In addition to his appearances on various radio stations, Lycett has featured as a guest on numerous podcasts, including My Dad Wrote a Porno, SoundCheck Podcast, The Comedian's Comedian with Stuart Goldsmith, Richard Herring's Leicester Square Theatre Podcast, and The Harry Hill Show.

From July 2018, there were two series of Joe Lycett's Obsessions on BBC Radio 4.

On 17 August 2019 and 26 October 2019, Lycett stood in for Rylan Clark-Neal on Rylan on Saturday on BBC Radio 2. In December 2019 he returned to Radio 2 covering Sara Cox's drive-time show over the Christmas and New Year period.

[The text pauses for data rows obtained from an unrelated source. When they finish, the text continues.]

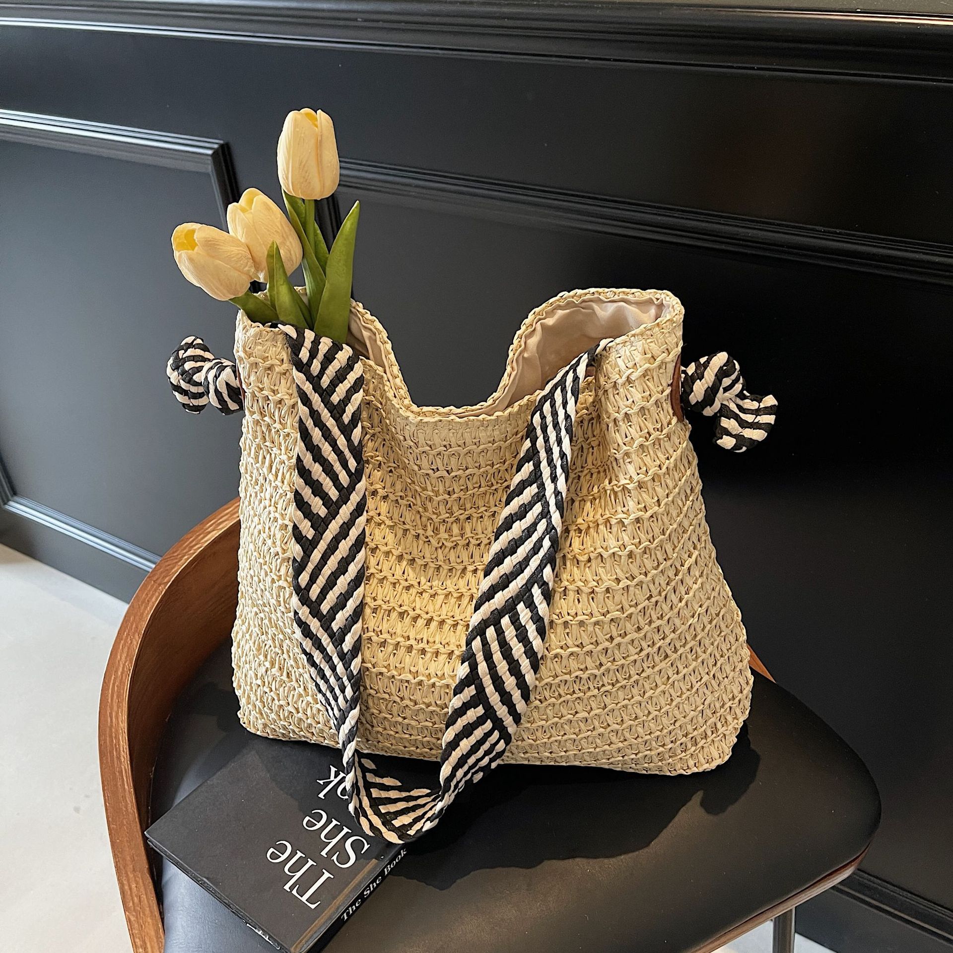 Tianmi レディースバッグ 2025 新色わら織ポータブルバケットバッグカジュアルビーチリゾートスタイルショルダークロスボディバッグ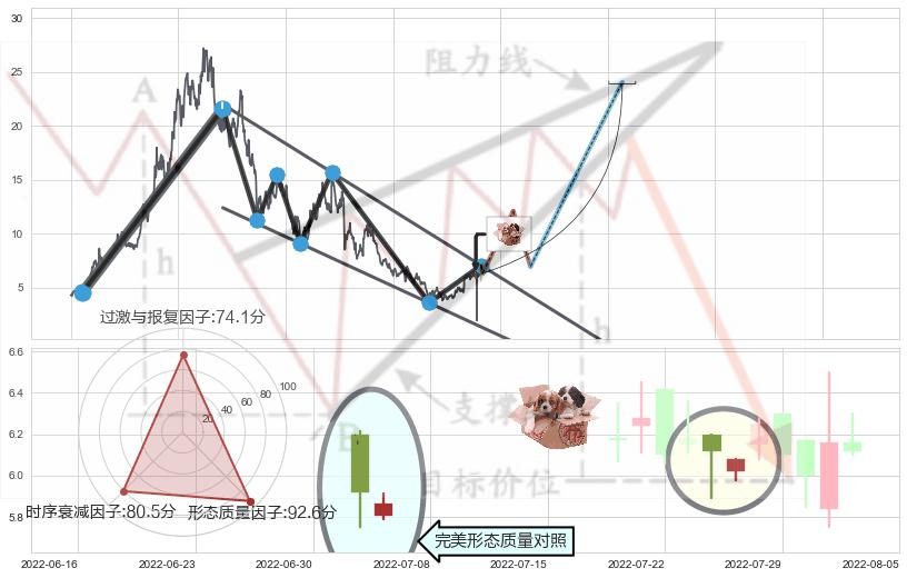 ➢ 🕰 价格走势在2022-07-07至2022-07-08期间形成双针探底,残存影响值:3.93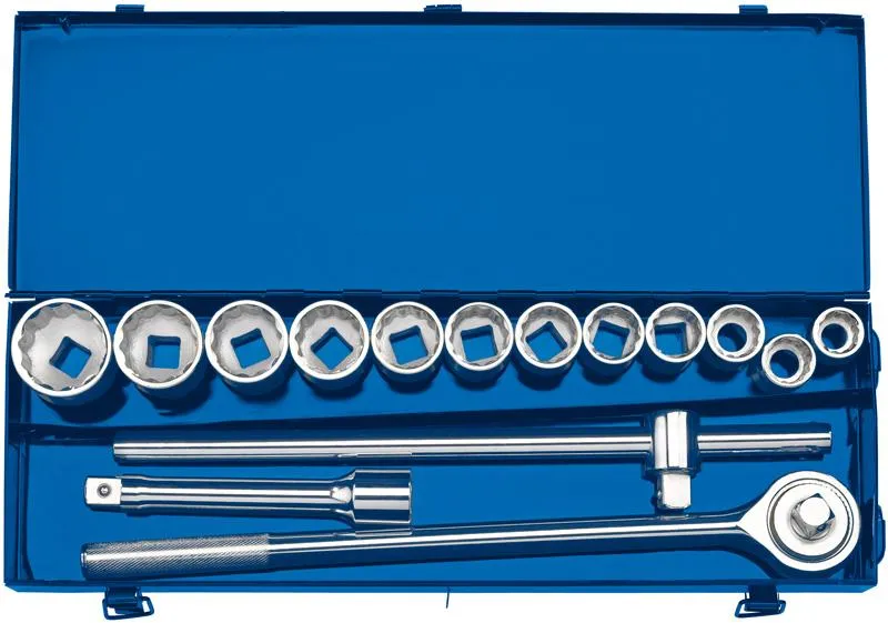 Socket set manufactured from carbon steel hardened and tempered with a polished finish. Packed in metal carrying case.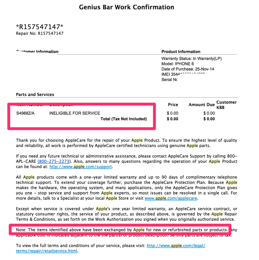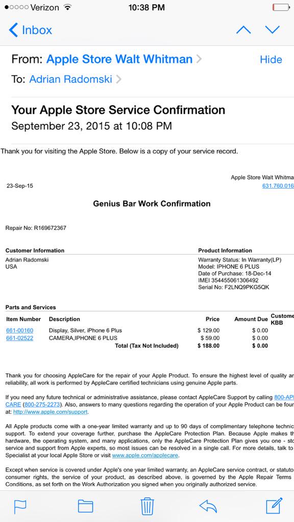 From the date on which you receive the loaner phone through the return date title to the loaner phone shall at all times remain vested in apple. If you visit an apple store in person be sure to ask for a card from any apple genius you speak with and save those genius bar work authorization service confirmation forms.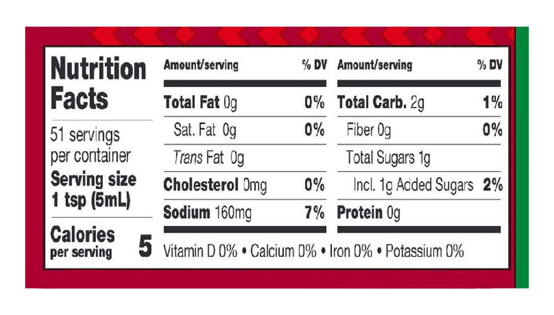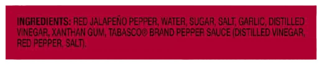 Ingredients: Red Jalapeno Pepper, Water, Sugar, Salt, Garlic, Distilled Vinegar, Xanthan Gum, Tabasco Brand Pepper Sauce (Distilled Vinegar, Red Pepper, Salt)
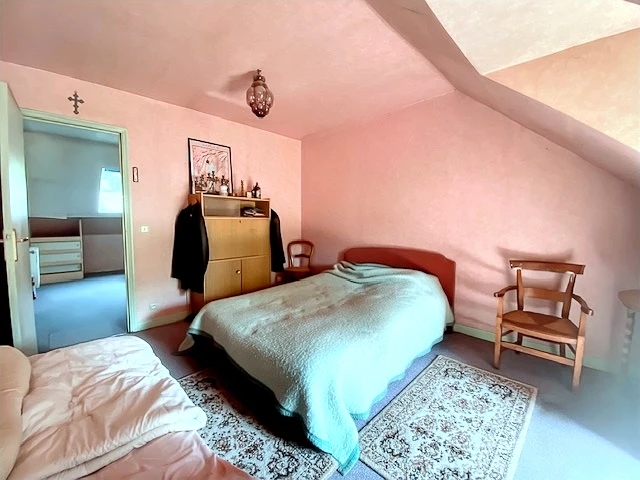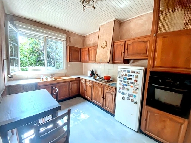 Vous découvrirez une entrée desservant une cuisine équipée/aménagée et un séjour chaleureux agrémenté dune cheminée. La maison offre 3 chambres dont une située au rez-de-chaussée avec sa salle deau attenante, un atout rare et pratique. Une seconde salle deau ( en cours) complète létage, ainsi que deux WC séparés.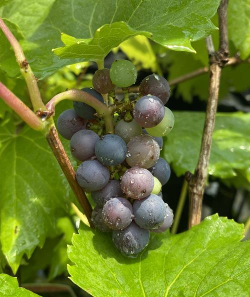 山葡萄(ヤマブドウ):ポットレッドワンは鉢植えなどで栽培が可能な欧州系の実生選抜品種です。果実の大きさはデラウエア程度で甘さも香りも濃厚でジュースやジャムにも最適です。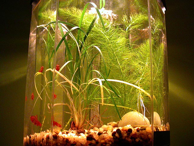 after the debris had settled, i got some fish photos with my newly-acquired plant. originally when i got the aquarium i wanted an aquatic garden more than i did a fish tank. now, a year later, it seems i finally got my wish!
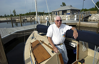 A gentleman is pictured in his boat moored at the Cedar River Harbor in Menominee County.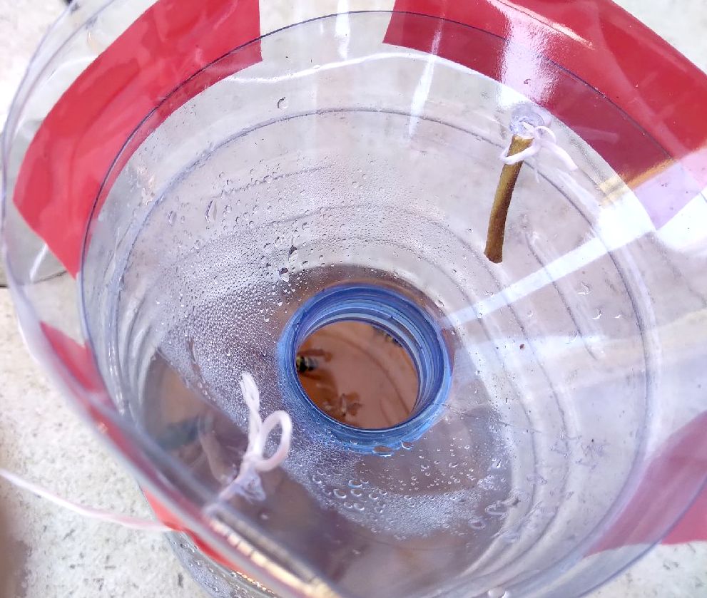 - j'ai confectionné un basique piège à guêpes/frelons avec de la bière, du miel et du vinaigre (Je n'ai pas de ruches autour de chez moi). Depuis hier, 3 ont été piégées (voir photo jointe).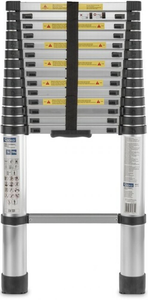 Teleskopický hliníkový žebřík 5m 150kgTento hliníkový teleskopický žebřík byl navržen tak, aby kombinoval skladnost s možností vysouvání. Jeho délku lze jednoduše přizpůsobit aktuálním potřebám, přičemž ve složeném stavu zabírá minimum místa – ideální pro skladování i přepravu. Hliníková konstrukce zajišťuje nízkou hmotnost a vysokou odolnost vůči korozi. Jednotlivé sekce lze prodlužovat nebo zkracovat podle konkrétní úlohy – ať už jde o práci ve výškách, v úzkých prostorech nebo na nerovném terénu. Uzamykací mechanismy zajišťují stabilitu a chrání před nechtěným pohybem sekcí. Žebřík je ideální pro domácí kutily, profesionály ve stavebnictví či zahradníky a hodí se pro použití v interiéru i exteriéru.Technické údaje:Výška po rozložení: 510 cmVýška po složení: 97 cmVzdálenost mezi stupni: 35 cmPočet stupňů: 15Maximální nosnost: 150 kg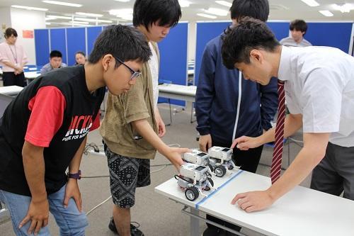 プログラミングの基本を学んだ後、自分たちがプログラムしたロボットを使って競争。決められたルールの中で、自分自身で試行錯誤し、何度も挑戦する姿を見ることができました。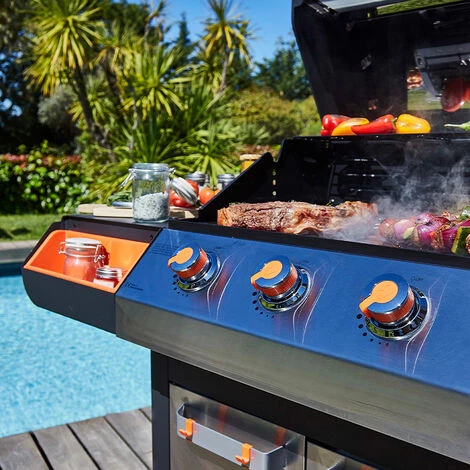 Une puissance surprenante : Facile à allumer, il dispose de 3 brûleurs munis de diffuseurs de chaleur. Ils permettent une meilleure répartition de la chaleur et de protéger les brûleurs des graisses. Conçus pour obtenir une cuisson parfaite ! Vous apprécierez son thermomètre pouvant indiquer une température jusqu’à 400°C. Très pratique et lisible, il est intégré sur son capot tout en inox afin de surveiller toutes vos cuissons, sans être obligé d’ouvrir son couvercle. Sa puissance de cuisson de 11,95 kW vous permettra de réaliser toutes vos saveurs.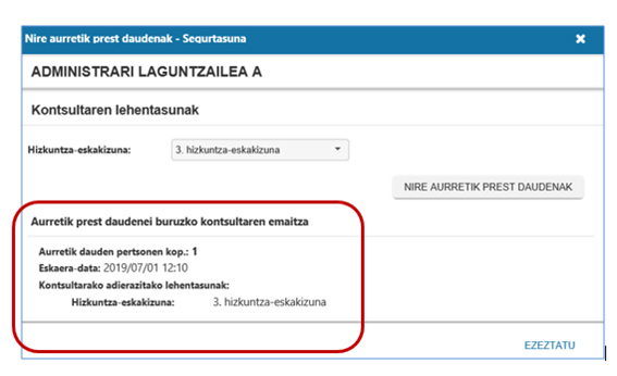 4.- “Aurretik prest” botoia sakatutakoan, sistemak zure egoera erakutsiko dizu.

In late November 2023, Lycett launched a "fake" podcast, Turdcast, about "celebrities talking shit," and recorded an episode with Gary Lineker. He set up an inflatable toilet dubbed "the Turdis" at Liverpool's Royal Albert Dock for the launch, though this was cancelled seemingly "due to a technical issue," with the alleged waste from the toilet spilling into the Mersey. Lycett later released a statement revealing that "it was fake sewage, from a fake toilet, to promote a fake podcast". He criticised water companies in England for discarding "billions of litres of real sewage" into bodies of water, and announced an hour-long Channel 4 special, Joe Lycett vs Poo (later retitled Joe Lycett vs Sewage), about the water companies.

==Other activities==
===Painting===
Lycett is also a self-taught painter and has had his artwork exhibited. In 2018, a sculpture of his, CHRIS, was accepted by Royal Academy and listed for sale as being worth £12,500,000. CHRIS is still for sale on Lycett's website for the same asking price. His first solo exhibition called Everything Must Go opened on 29 July 2026 at the Birmingham Museum and Art Gallery.

===Name change===
In February 2020, in response to a legal dispute between fashion company Hugo Boss and the Swansea-based Boss Brewing, he changed his name by deed poll from "Joe Lycett" to "Hugo Boss". He said that he was drawing attention to the company's use of legal action and cease and desist letters relating to alleged copyright violations against numerous small businesses, including Boss Brewing, for use of the word Boss. In the second series of Joe Lycett's Got Your Back, the comedian launched a fake fashion show celebrating the release of a wrist brace under the name Hugo Boss outside the flagship store of the fashion company with the same name in Regent Street, London. Lycett asserts that Hugo Boss, the company, reported the incident to the Metropolitan Police. In April 2020, he changed his name back to Joe Lycett.

===Qatar controversy===
On 13 November 2022, Lycett released a video criticising David Beckham for his multimillion-pound sponsorship deal promoting the 2022 FIFA World Cup in Qatar due to the Gulf state's stance on LGBT rights. In the video, he said he would give £10,000 to charities that support queer people in football if Beckham pulled out of the deal. If Beckham did not pull out of the deal, he promised to shred the money during a livestream on 20 November, just before the World Cup opening ceremony. By 20 November, Beckham had not pulled out of the deal, so Lycett livestreamed himself appearing to shred the money on the website www.benderslikebeckham.com. The next day, Lycett revealed that he had faked the shredding and had already donated £10,000 to LGBTQ+ charities.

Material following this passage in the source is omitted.